Segment Start: SUPPLIED MATERIAL

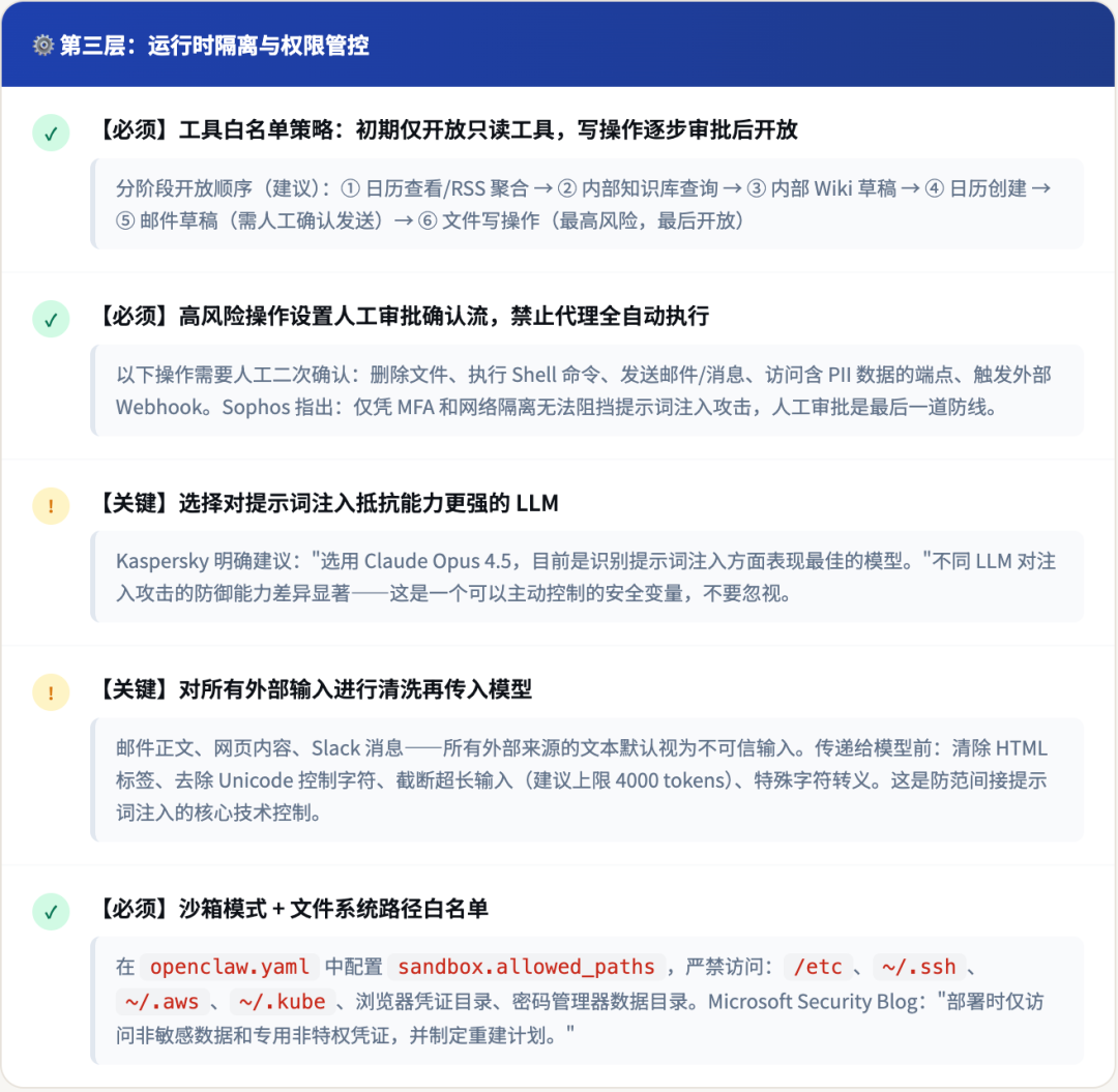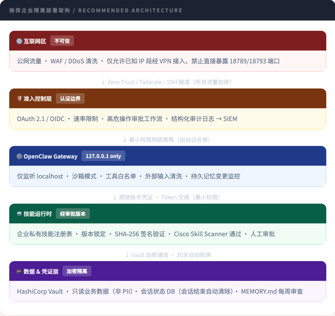 在专用隔离环境中部署经审查的只读型技能,完成稳定性验证。Microsoft Security Blog 建议:"初始部署仅访问非敏感数据和专用非特权凭证",在建立行为基线之前不扩展写权限。Oasis Security 进一步建议:"持续监控和重建计划应成为运营模型的一部分。"
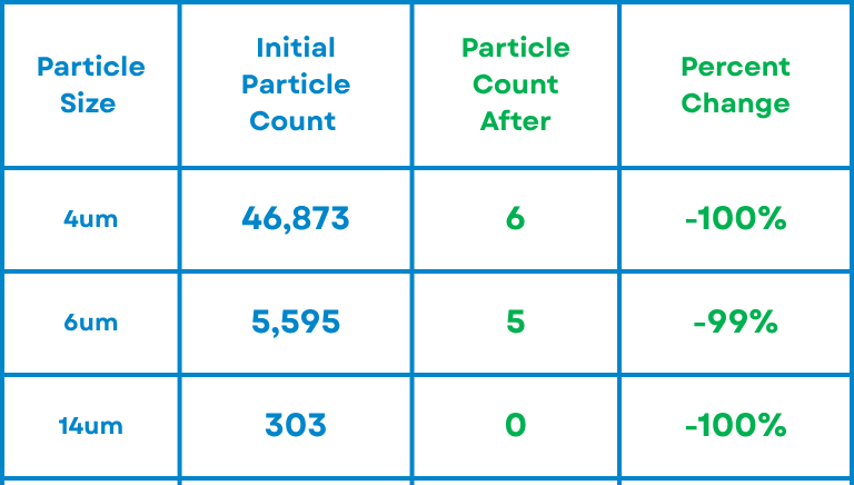 Die Ergebnisse waren unbestreitbar: Unser Partner konnte die Kontamination erfolgreich auf die genauen ISO-Reinheitsgrade reduzieren, die für den sicheren und zuverlässigen Betrieb des Hydrauliksystems der Anlage erforderlich sind.
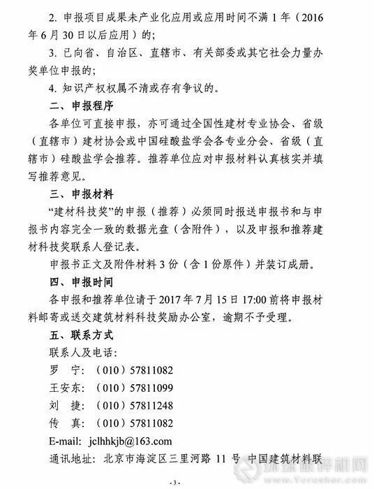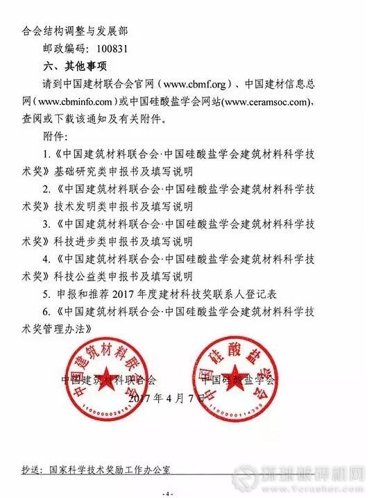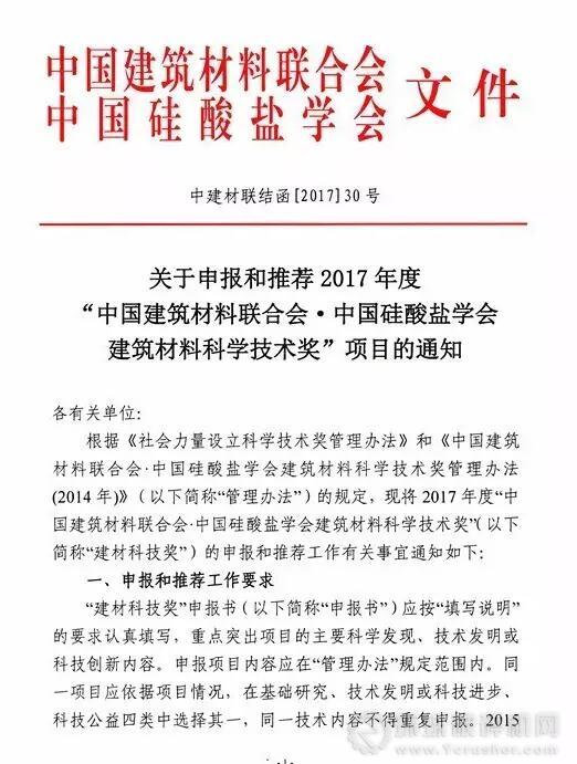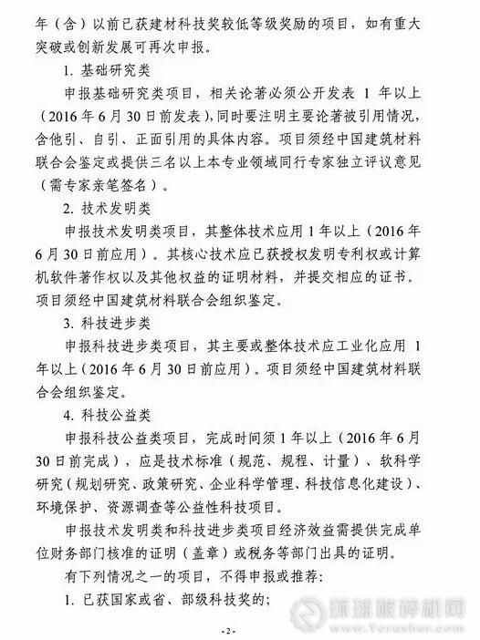 2017年度“建筑材料科學技術獎”項目申報和推薦工作已經(jīng)開始。2013年湖州新開元碎石有限公司申報的“機制砂石細粉高效回收與廢水循環(huán)利用工藝技術研究與應用”項目獲得了該年度部級科技進步獎,已經(jīng)走在砂石骨料行業(yè)前列。各會員和相關單位可根據(jù)本單位的情況進行申報,以推進砂石骨料行業(yè)技術進步及影響力。

Segment End: SUPPLIED MATERIAL

AIM OF THE TASK>
No picture should be included when the data are set down again exactly.

RESPONSE AREA>
 在专用隔离环境中部署经审查的只读型技能,完成稳定性验证。Microsoft Security Blog 建议:"初始部署仅访问非敏感数据和专用非特权凭证",在建立行为基线之前不扩展写权限。Oasis Security 进一步建议:"持续监控和重建计划应成为运营模型的一部分。"
 Die Ergebnisse waren unbestreitbar: Unser Partner konnte die Kontamination erfolgreich auf die genauen ISO-Reinheitsgrade reduzieren, die für den sicheren und zuverlässigen Betrieb des Hydrauliksystems der Anlage erforderlich sind.
 2017年度“建筑材料科學技術獎”項目申報和推薦工作已經(jīng)開始。2013年湖州新開元碎石有限公司申報的“機制砂石細粉高效回收與廢水循環(huán)利用工藝技術研究與應用”項目獲得了該年度部級科技進步獎,已經(jīng)走在砂石骨料行業(yè)前列。各會員和相關單位可根據(jù)本單位的情況進行申報,以推進砂石骨料行業(yè)技術進步及影響力。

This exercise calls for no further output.